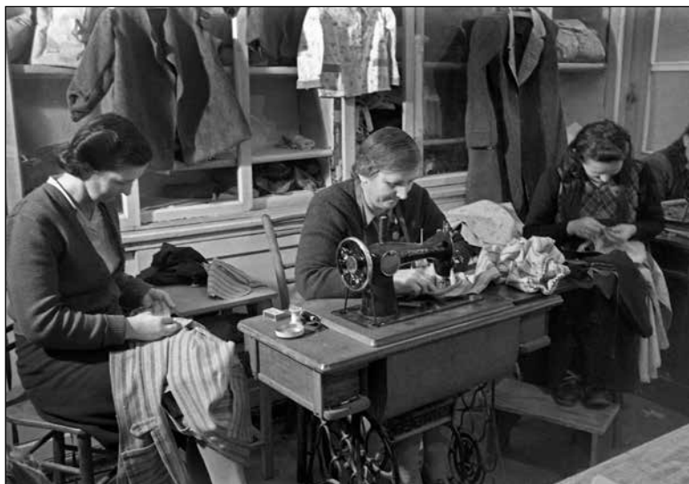
Krpalnica rajona Vič - Rudnik decembra 1948
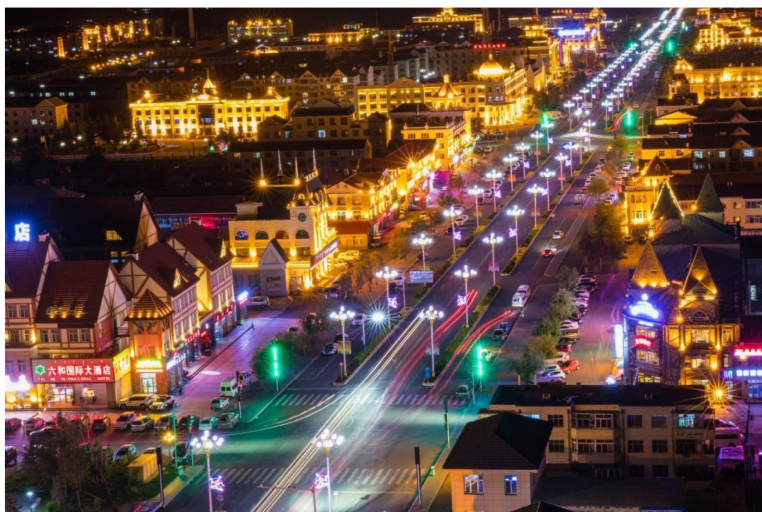
图10 阿尔山市旅游度假区街景（二）
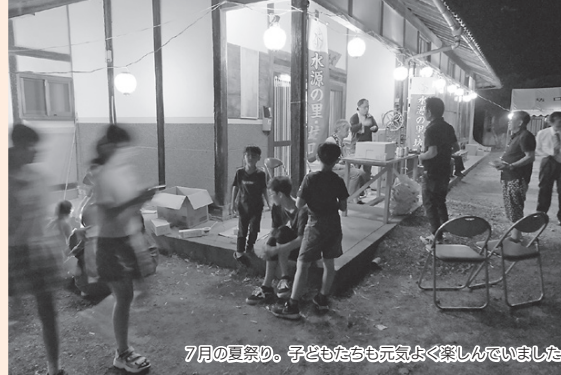
7月の夏祭り。子どもたちも元気よく楽しんでいました
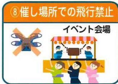
⑧ 催し場所での飛行禁止

※3: 人（第三者）又は物件（第三者の建物、自動車等）との間に30m以上の距離を保つことが必要です。
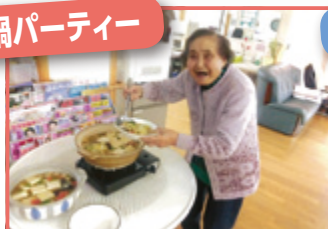
美味しく出来ましたよお～
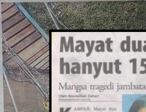
SEORANG anggota Unit SP pemeriksaan pada jambatan
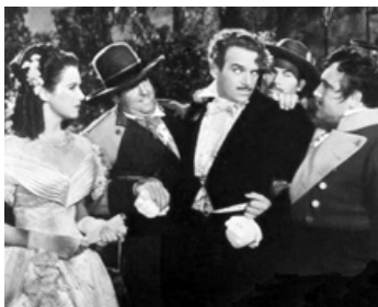
1941 VENDETTA (The Corsican Brothers) de Gregory Ratoff avec Ruth Warrick
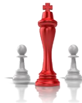
12. Business automatisieren
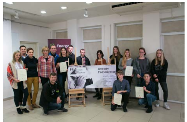
22.10., Centrum Kultury i Sztuki w Koninie, II Koniński Fotomaraton
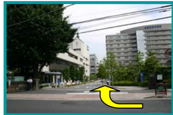
⑧正門に入った右建物が病院
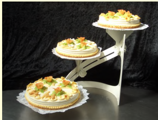
(3-stöckig, Größe Nr. 3,4,5, ca. 220,- €)
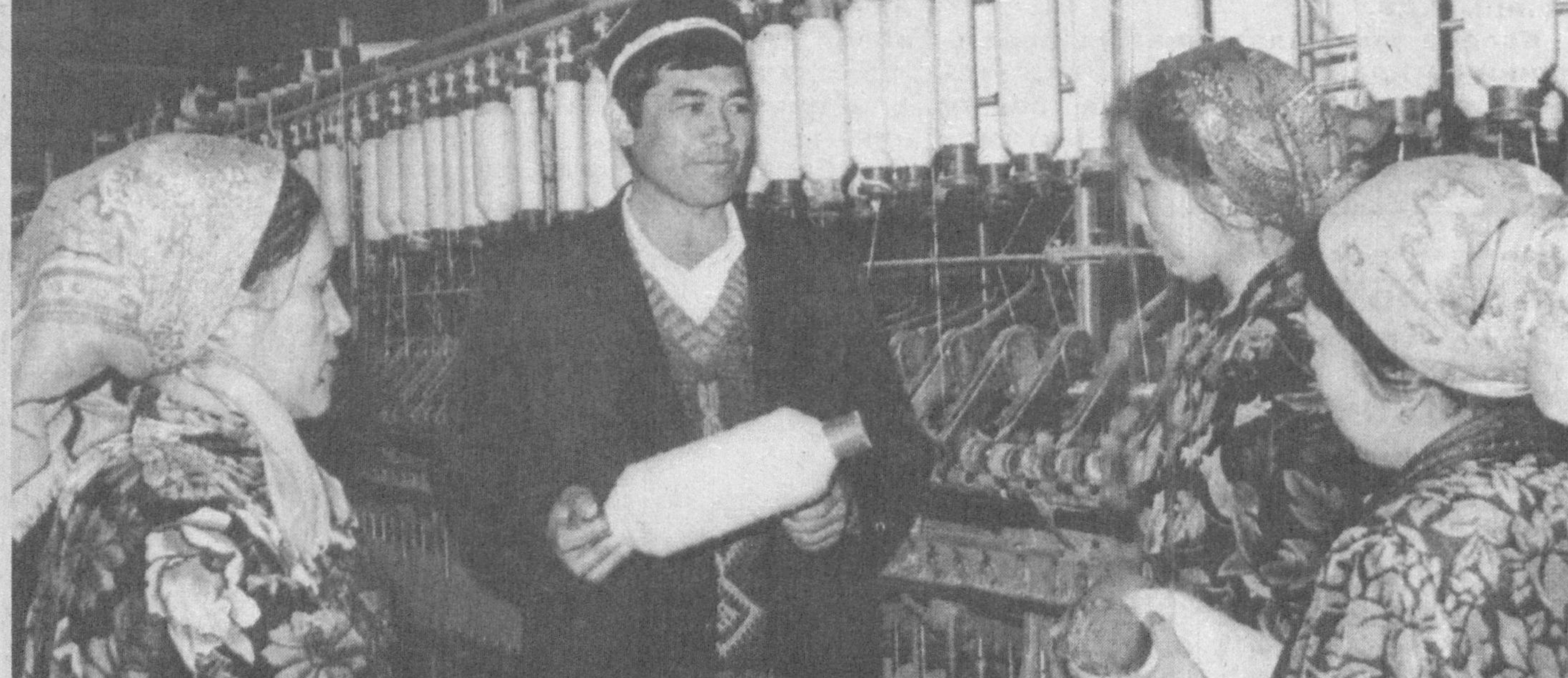
Чирочки туманидаги нотўқима очик ҳиссадорлик жамияти учинчи кварталдан бошлаб пахтачи қайта ишлаш заводи-ларига керакли беш турдаги махсусотни етказиб беради. Корхонада тайёрланаётган тоиланган толани ўрашда ишловчиладиган махсус мато харидорлиги билан эътиборлидир.

Жамият маъмурияти яна бир муҳим ишни зимма-
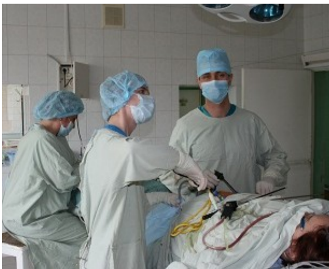
Хирургия - одна из самых экстремальных медицинских специальностей

Но без хирургов не представляет себя ни одна больница. Они вправляют вывихи, лечат переломы, удаляют опасные опухоли, вырезают аппендиксы, «по-королевски» принимают детей и выполняют ещё множество других важных операций. И результат их важнейшего труда всегда ощутим и понятен.
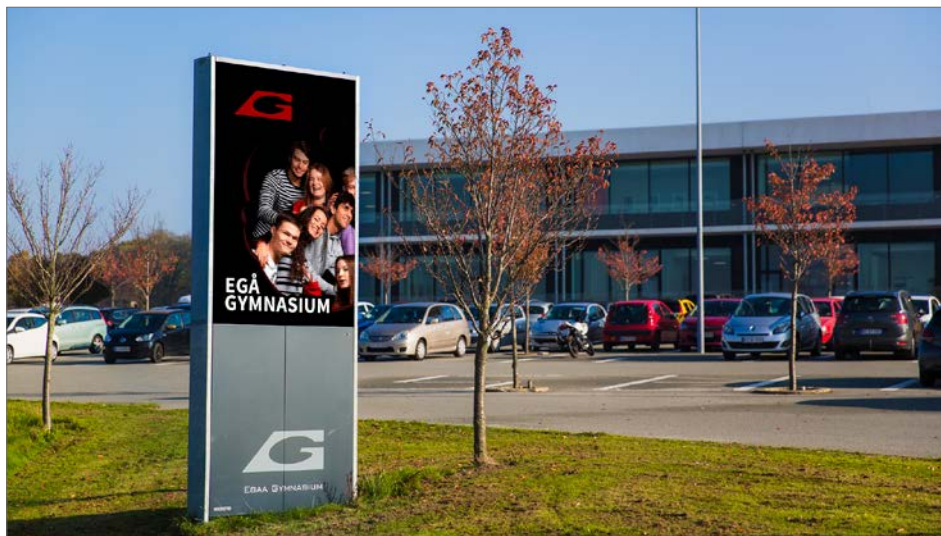
Foto: Digital pylon ved Egå Gymnasium, Mejlbjvej

Der, hvor der er mulighed for at opsætte digitale skilte i forhold til retningslinjerne i de forudgående afsnit, skal skiltningen opfylde en række generelle og tekniske krav til lysstyrke og indholdsskift med videre, der skal sikre, at skiltningen ikke dominerer området eller generer omgivelserne.
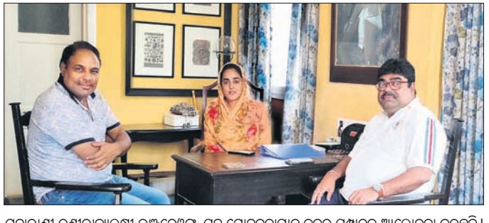
ମହାରାଜା ରଘୁରାଜ୍ୟକଳା ଭଣ୍ଡାରରେ ସହମେନାଗାରୀ କ୍ଳବ ସମାପନ ଆଲୋଚନା କରୁଛନ୍ତି

ମୟୂରଭଞ୍ଜରେ ବନ୍ଦ ଥିବା ଶ୍ରୀରାମଚନ୍ଦ୍ର ମେମୋରିଆଲ ଫୁଟବଲ ଟୁର୍ଣ୍ଣାମେଣ୍ଟ ପୁଣିଥରେ ଆରମ୍ଭ ହେବ
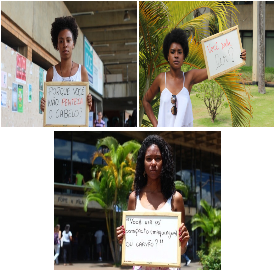
Fotos: Ensaio fotográfico do Blog “AquilombandoDFE” em campanha articulada por alunos da UnB.

para a educação, estudantes da UnB (primeira universidade brasileira a aderir ao sistema de cotas) desenvolveram o projeto “Negro na mídia”, onde buscam dar visibilidade aos jovens negros estudantes que desejem relatar suas experiências. Uma das campanhas do projeto se trata de um ensaio fotográfico que mostra um conjunto de frases e comentários que reforçam estereótipos negativos atribuídos aos jovens negros apresentando assim ações do racismo velado/institucionalizado em detrimento da conscientização da população visando evitar que essas situações reiteradas continuem a acontecer.:
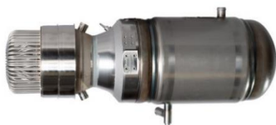
Qnergy PCK80 7kW フリーピストン形エンジン
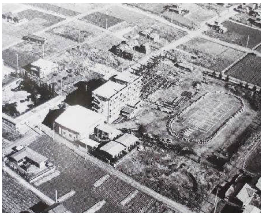
『昭和44年 分校当時の写真』

業が行われました。高階地区の方々が土地を出し合って、総合的な開発をしていこうというものでした。最初から計画的に街を作ったため、道路もまっすぐで公園もたくさん作られました。この土地区画整理事業により畑が多かったこの地区にたくさんの住宅ができ、人口が増え、当時の高階小学校だけでは校舎がたりなくなってしまうそうです。そして、昭和44年4月1日に川越市立高階小学校分校が開設されました。この分校が高階南小学校の始まりです。
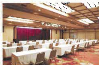
「万葉の間」: 分割でスクール形式

----

→ YOUR OBJECTIVE:
Search the records for the word "fotográfico", then list every line that has it.

→ SOLUTION:
Fotos: Ensaio fotográfico do Blog “AquilombandoDFE” em campanha articulada por alunos da UnB.
para a educação, estudantes da UnB (primeira universidade brasileira a aderir ao sistema de cotas) desenvolveram o projeto “Negro na mídia”, onde buscam dar visibilidade aos jovens negros estudantes que desejem relatar suas experiências. Uma das campanhas do projeto se trata de um ensaio fotográfico que mostra um conjunto de frases e comentários que reforçam estereótipos negativos atribuídos aos jovens negros apresentando assim ações do racismo velado/institucionalizado em detrimento da conscientização da população visando evitar que essas situações reiteradas continuem a acontecer.:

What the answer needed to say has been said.